Por que Diego Garcia entrou no centro da crise?

A base de Diego Garcia ganhou relevância no contexto da guerra no Oriente Médio por ser uma instalação estratégica compartilhada por Reino Unido e Estados Unidos no Oceano Índico. Se fosse confirmada a autoria iraniana em um ataque ao local, o episódio poderia ampliar a crise e elevar a pressão sobre Londres e a própria Otan.

O território de Diego Garcia integra o Território Britânico do Oceano Índico e abriga uma base de importância estratégica para operações militares dos EUA e do Reino Unido. Pela posição no Índico, a instalação é vista como ponto logístico relevante para ações no Oriente Médio e na Ásia.

Segundo a reportagem, o governo britânico confirmou na sexta-feira, 20 de março de 2026, que os EUA utilizam bases do Reino Unido em ações de “autodefesa coletiva da região”, incluindo operações defensivas americanas voltadas a degradar locais e capacidades de mísseis usados para atacar navios no Estreito de Ormuz. A confirmação provocou reação do governo iraniano.

O Estreito de Ormuz é uma das rotas marítimas mais importantes para o comércio global de petróleo, o que ajuda a explicar por que episódios militares na região têm repercussão internacional. Oscilações nessa área podem afetar os preços da energia e combustíveis em diversos países, inclusive o Brasil.

O ministro das Relações Exteriores do Irã, Seyed Abbas Araghchi, afirmou que o primeiro-ministro britânico, Keir Starmer, estaria expondo vidas britânicas ao permitir o uso dessas bases em ações contra o Irã. Ele declarou ainda que o país exercerá seu direito à autodefesa.
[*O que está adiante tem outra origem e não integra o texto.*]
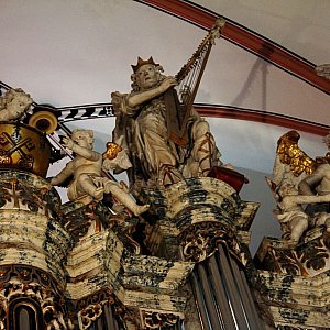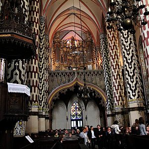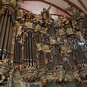 Uczniowie mogli dowiedzieć się także, że w Kościele Mariackim znajdują się tak naprawdę dwa organy. Pierwsze to te używane dzisiaj, które znalazły się w nim w 1914 roku, a drugie to fragmenty poprzedniego instrumentu z XVIII wieku, czyli prospektu organowego. Młodzież usłyszała, jakie dźwięki można było wydobyć z piszczałek, wchodzących w skład prospektu. Dziś pełni on przede wszystkim rolę wizualną.
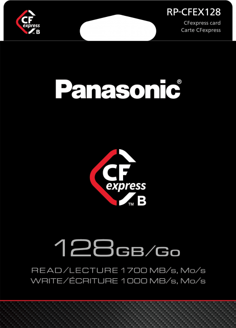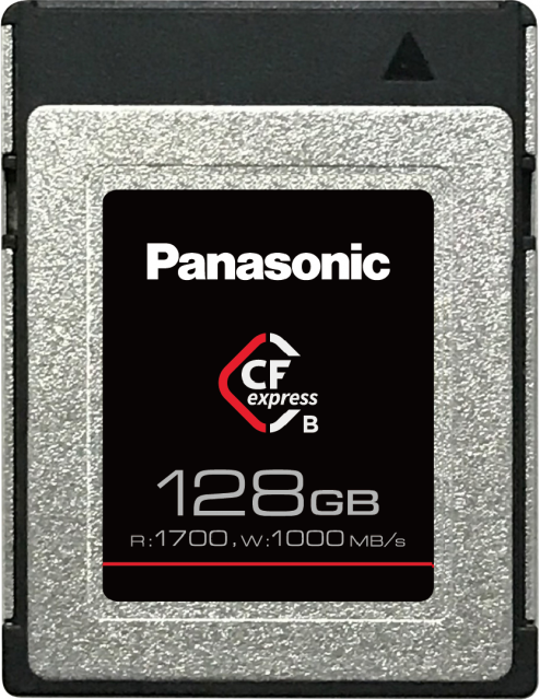 Profesionální CFexpress 128GB karta Panasonic s vysokými rychlostmi čtení/záznamu určená pro dlouhodobou zátěž a bezpečný záznam.
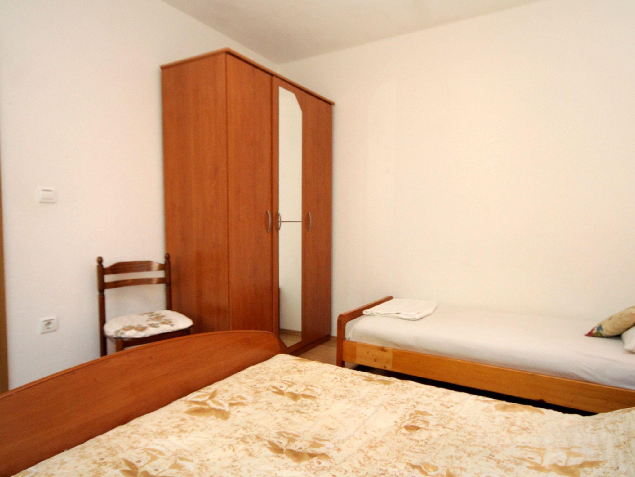 Ferienwohnung bietet Platz für 5 Gäste. Die Betten sind in Schlafzimmern, die es 2 gibt, innerhalb einer Gesamtfläche von 73m2, angeordnet. Die Gäste haben eine eigene Terrasse zur Verfügung, auf der sie in warmen Sommernächten genießen können. Das Apartment bietet Meerblick. Es ist erlaubt, Speisen auf dem Gemeinschafts-Grill vorzubereiten. IM PREIS INBEGRIFFEN: Kurtaxe, Endreinigung, Klimatisierung, Parkplatz, Internet, Wäschewaschen, Kinderbett, Zusatzbett, Bügeleisen, Bügelbrett, Föhn. VERBINDLICHE ZUSÄTZLICHE KOSTEN: Aufzahlung für Kurzaufenthalte (prozentualer Zuschlag pro Nächtigungsanzahl: 30% - 1, 20% - 2, 10% - 3). Die Verfügbarkeit zusätzlicher Dienstleistungen in Ihrem reservierten Termin und die Preise derselben (falls nicht aufgeführt) müssen im Voraus überprüft werden. Zusätzliche Dienstleistungen die in der Zahlungsaufforderung nicht aufgeführt sind werden direkt beim Vermieter bezahlt, angenommen der Gast nutzt auch diese. Ermäßigung auf den Grundpreis: Gratistag 14=13 (bei einem Aufenthalt von 14 Tagen oder mehr erhalten Sie einen Gratistag für den Aufenthalt bis 31.12.26).
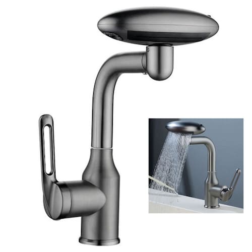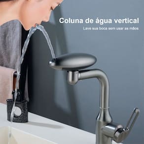 A torneira possui rotaçao 360 graus, ângulos ajustáveis e flexíveis. E a torneira possui 4 modos de jatos de agua (cascata, cortina de água, modo bolha e coluna vertical), para trocar os modo basta girar a torneira.

Qual é o debate sobre a capacidade militar do Irã?

A possibilidade de o Irã desenvolver mísseis balísticos intercontinentais tem sido usada pelo presidente dos EUA, Donald Trump, como uma das justificativas para ações contra Teerã. O tema também voltou a aparecer nas declarações de Mark Rutte.
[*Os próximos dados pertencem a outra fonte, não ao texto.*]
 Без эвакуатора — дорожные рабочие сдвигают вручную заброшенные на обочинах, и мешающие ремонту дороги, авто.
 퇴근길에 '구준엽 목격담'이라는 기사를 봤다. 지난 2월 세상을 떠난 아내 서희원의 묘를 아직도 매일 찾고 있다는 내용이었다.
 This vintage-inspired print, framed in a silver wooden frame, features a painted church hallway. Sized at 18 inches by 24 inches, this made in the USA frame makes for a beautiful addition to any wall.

Ao mesmo tempo, a reportagem informa que os serviços de inteligência dos EUA trabalham com um prazo mais longo para esse desenvolvimento e não confirmam que o Irã esteja efetivamente perseguindo esse objetivo neste momento. Em audiência no Senado dos EUA na semana passada, a diretora da Inteligência Nacional, Tulsi Gabbard, afirmou que o Irã poderia alcançar esse tipo de tecnologia até 2035, caso decida seguir nessa direção.
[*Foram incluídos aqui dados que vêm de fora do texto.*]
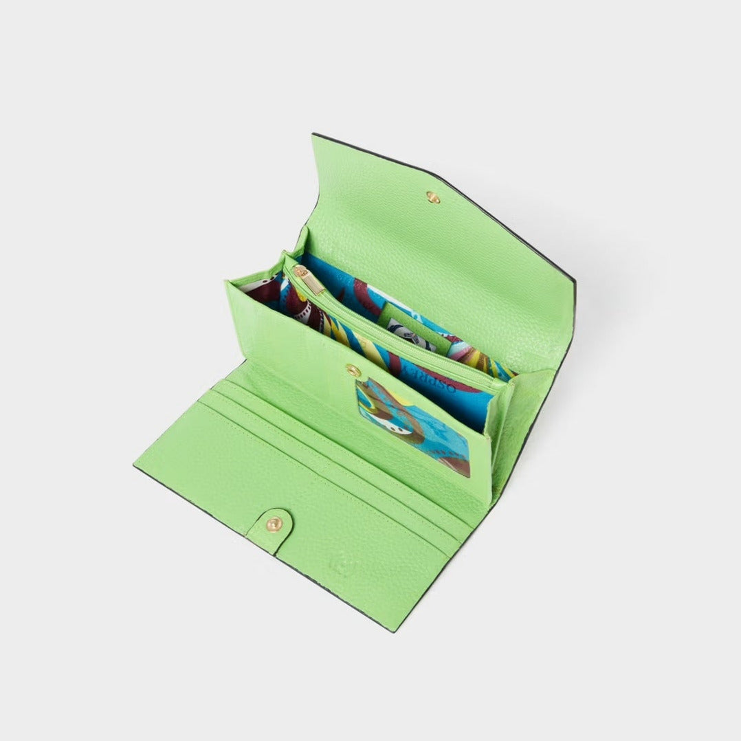 Sleek and slim, the Hendrix Matinee has a cleverly constructed fold-over to reveal an organized interior with two slip pockets, two compartments, eleven card slots, an ID section, and a zipped coin purse. Flip it over, and on the back is a second zipped compartment with a gold metal zip-pull.
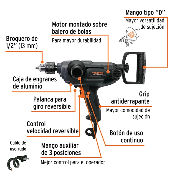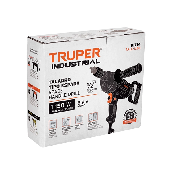 Especificaciones de Taladro Tipo Espada 1/2″ Truper 1150W 620 rpm TALE-1/2N:
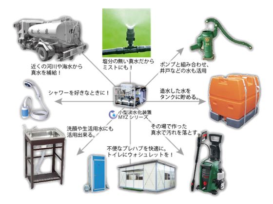 ※「小型海水淡水化装置」と「循環式手洗いユニット」は併用使用可能な製品です。
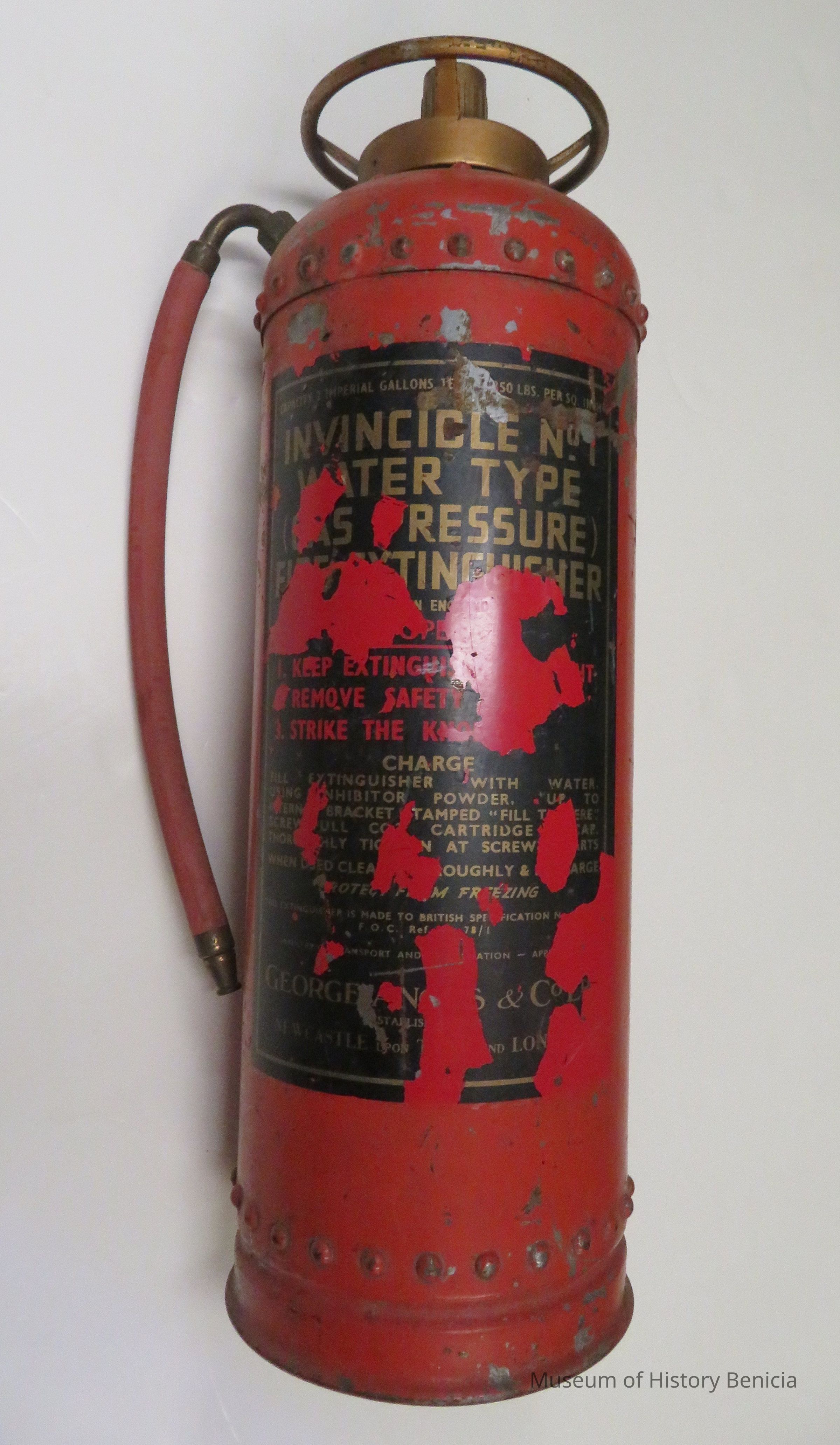 Red painted metal fire extinguisher. Treated to 350 lbs., capacity is 2 gallons.

  • A Otan diz que ainda investiga o suposto ataque.
  • O Irã nega qualquer ação contra Diego Garcia.
  • Fontes militares dos EUA disseram que mísseis teriam sido lançados, sem atingir a base.
  • O debate sobre o alcance dos mísseis iranianos segue no centro da crise.

Com isso, o episódio permanece sem confirmação oficial por parte da Otan, enquanto versões divergentes de autoridades ocidentais e iranianas ampliam a tensão em torno do conflito no Oriente Médio.